Source: Annual report of the Commissioner of Housing, New York State, for the year ending Mar. 31, 1948.

Senator DOUGLAS. Now, we have discussed the interest rate this morning. On the question of amortization, do I understand correctly that you provide for approximately 33 years, in the case of private projects; and 50 years in the case of the cooperative?

Mr. HUESMAN. In the case of the private project the term is just under 33 years. It is 32 years, 7 months.

Senator DOUGLAS. In the case of public projects; 50 years?
Mr. HUESMAN. Yes.

Senator DOUGLAS. So that it is a difference between an average amortization rate of approximately 3 percent, or a little over, and two percent?

Mr. FOLEY. Yes. On the level rate, the 50 would be 2 percent. Mr. HUESMAN. A little over three on the other.

Senator DOUGLAS. It is 3.03, if my arithmetic is correct.
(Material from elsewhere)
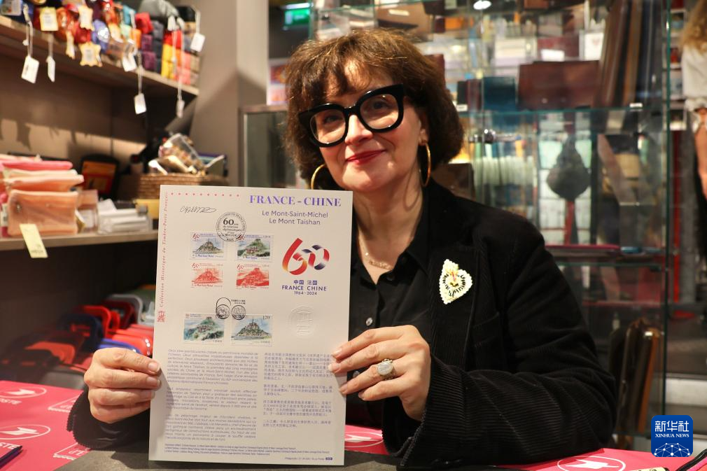 10月18日,在法国巴黎举行的《中法建交六十周年》纪念邮票首发仪式现场,邮票设计者之一、法国艺术家桑德里娜·尚博展示邮品。

So a saving of 1 percent in the interest there, or on an $8,000 unit for housing costs per family, $80 a year, or roughly $7.60 a month.

Do you feel certain that you are on firm ground there; that the actual physical depreciation would be so much greater in the case of FHA, and section 608, building, as here?

In one

Mr. HUESMAN. You mean, to account for the difference in term? Senator DOUGLAS. No; your difference in charges comes from a difference in concept as to the physical life of your structure. case you estimate 33 years for the private, but you estimate 50 years for the cooperative venture.
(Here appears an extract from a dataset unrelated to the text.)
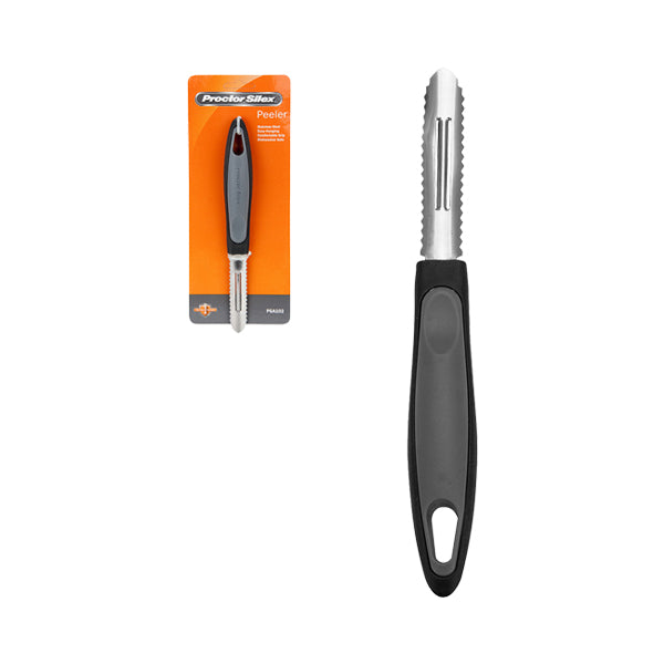 Pelador para frutas y verduras Proctor Silex 22 cm | 8.5". Elaborado en acero inoxidable en su totalidad, evitando desgastarse con el tiempo. Su cuchilla es práctica y ofrece un pelado al ras, evitando llevarse parte del alimento; además de tener un mango ergonómico para sujetarlo con más facilidad. Características: Acero Inoxidable. Ideal para frutas y verduras. Mango ergonómico. Cuchilla afilada. Fácil de lavar.

Now, what I am asking is: How firm is that figure?

Mr. HUESMAN. You want to know wherein we think there is that much difference between the two types of project?

Senator DOUGLAS. Yes; and what is the evidence to indicate that? Mr. HUESMAN. I think that the difference is not entirely related to the rate of actual physical depreciation. I think it is more a matter of policy. I think Mr. Greene could answer that for the FHA.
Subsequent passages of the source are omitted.